### EXERCISE OBJECTIVE
Everything from the line that contains "ApplePaySet of 3" to the final line of the data, both ends included, must be set down exactly, apart from the pictures.

### DATA SEGMENT
────────────────

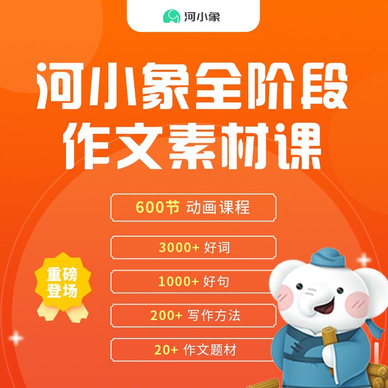 【河小象全阶段600节作文素材课】适合1-6年级,原创精美动画片➕老师讲解知识点,每天15分钟,帮助孩子建立自己的写作素材库
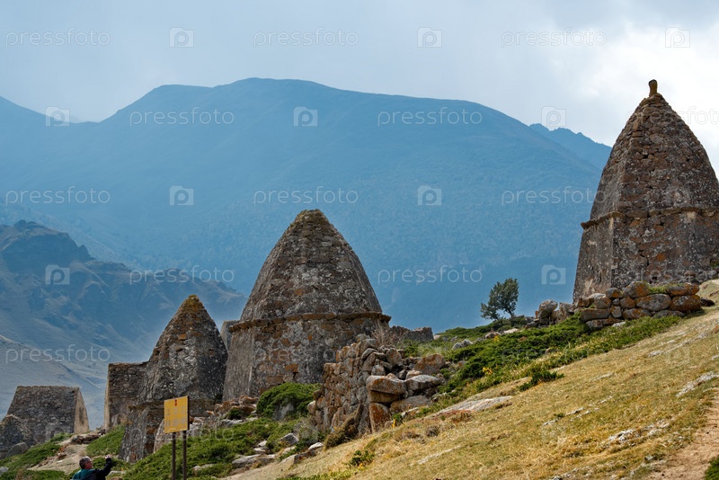 Россия. Северный Кавказ, Кабардино-Балкария. живописная панорама каменных склеп в Городе Мертвых XI века возле села Эльтюбю в Чегемском ущелье
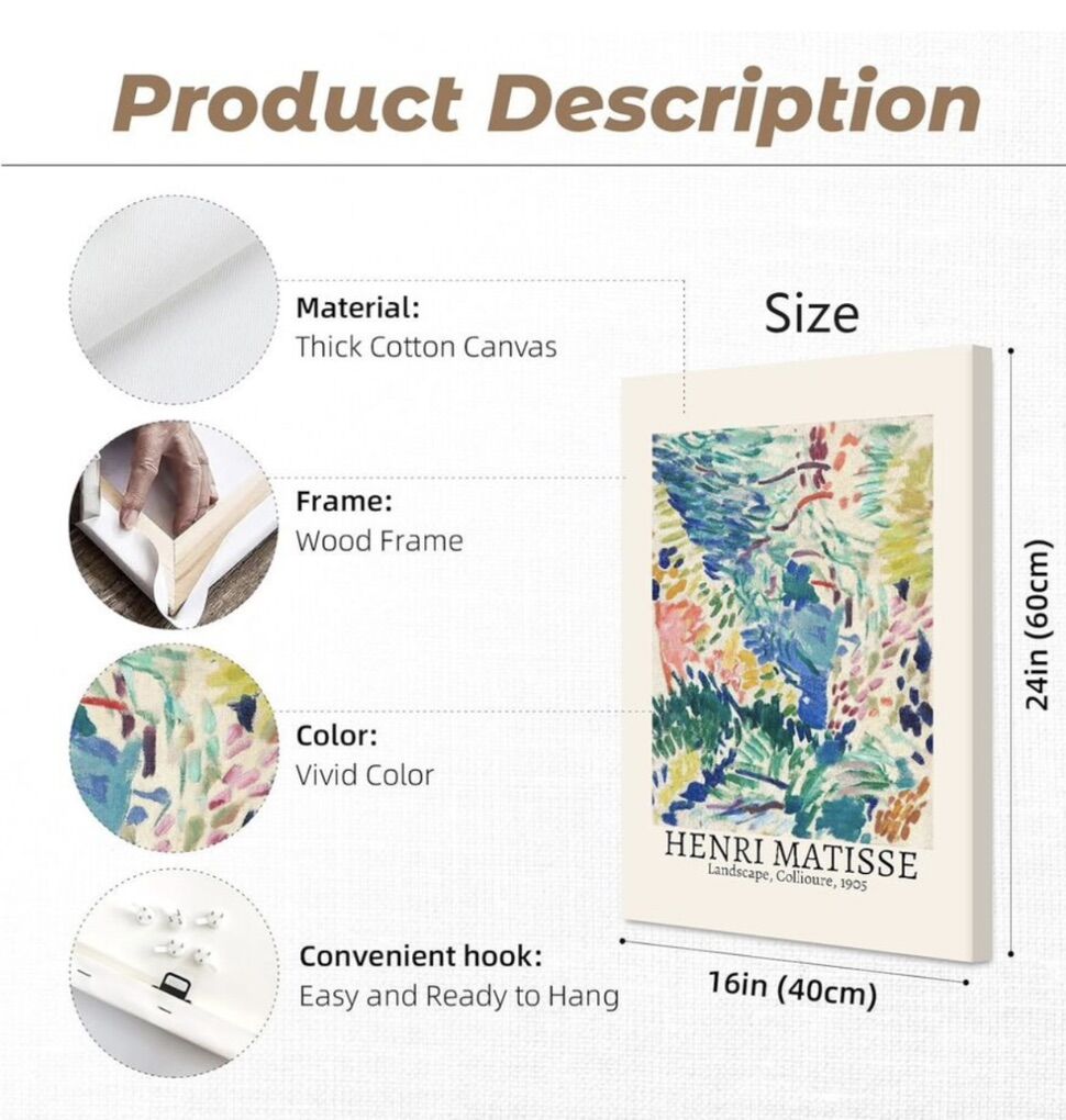 ApplePaySet of 3 Henri Matisse Wall Art Canvas, Vintage Prints Landscape,16 x 24 x 3
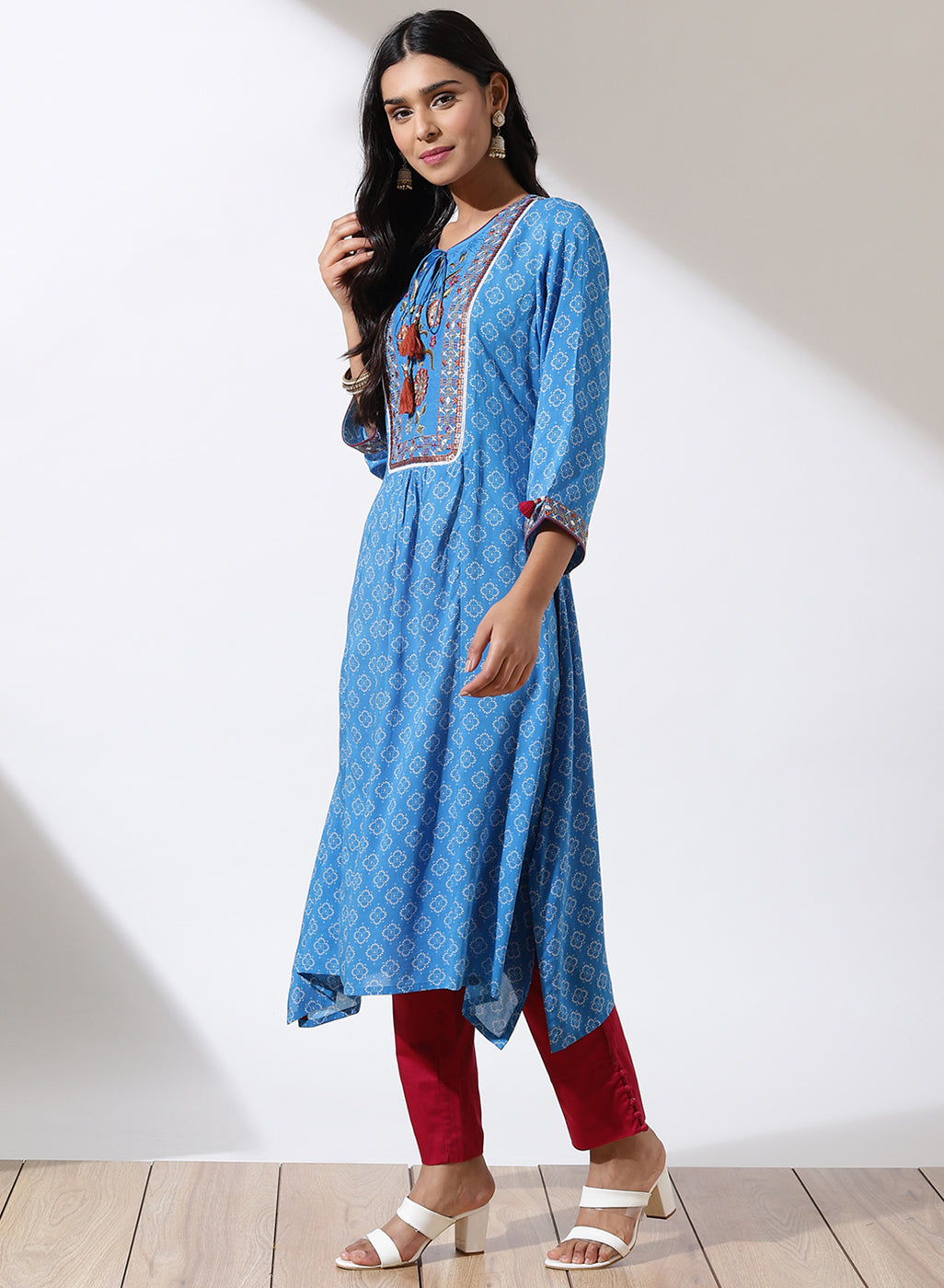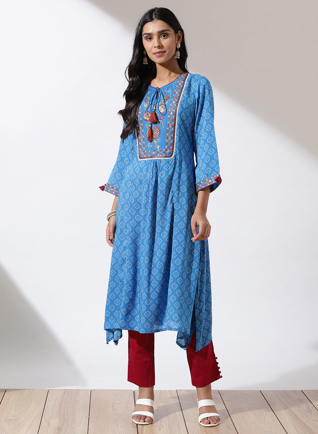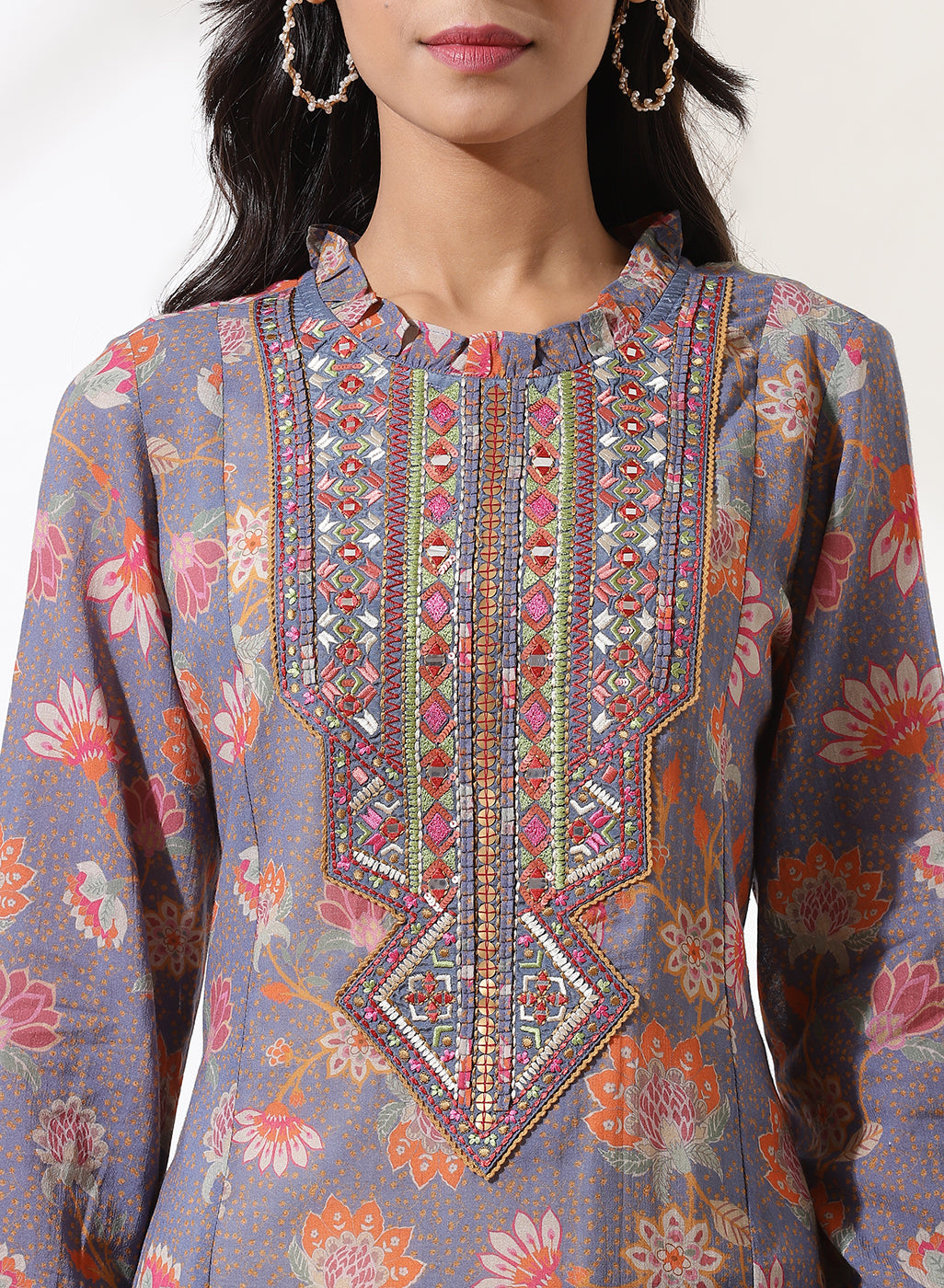 Spa Blue Floral Printed Loose Fit Kurta with Lace Inserts

────────────────

### TASK SOLUTION
 ApplePaySet of 3 Henri Matisse Wall Art Canvas, Vintage Prints Landscape,16 x 24 x 3
 Spa Blue Floral Printed Loose Fit Kurta with Lace Inserts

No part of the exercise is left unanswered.